Aan dergelijke vragen werkt Wageningen Marine Research in het kader van het Wind op Zee Ecologisch Programma (Wozep) samen met bijvoorbeeld Deltares en Bureau Waardenburg. "Uiteindelijk moeten we vanuit verschillende invalshoeken en disciplines naar dit vraagstuk kijken om te proberen te achterhalen hoe offshore wind het zeeleven beïnvloedt", zegt Soudijn.

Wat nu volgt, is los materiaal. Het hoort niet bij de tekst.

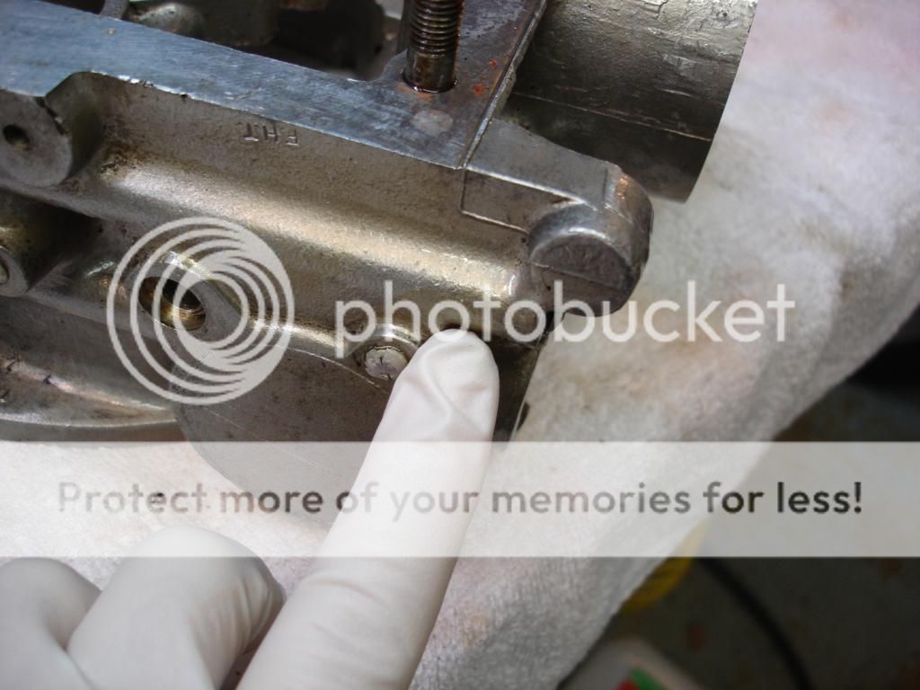Because it is essential to get the ball lined up with the pump cylinder, and the cylinder is pressed into its bore, you must line it up with pins as it is pressed in. Here are home made pins I used...

Er is nog veel onduidelijk, besluit de onderzoeker. “Het is een complex ecologisch verhaal”, zegt ze. “Maar stukje bij beetje hopen we de puzzelstukjes aan elkaar te kunnen leggen. Ieder doet zijn eigen deel, die delen leggen we zo veel mogelijk bij elkaar, en verder is het een kwestie van geduld hebben. Maar dat hoort er een beetje bij, in de wetenschap.”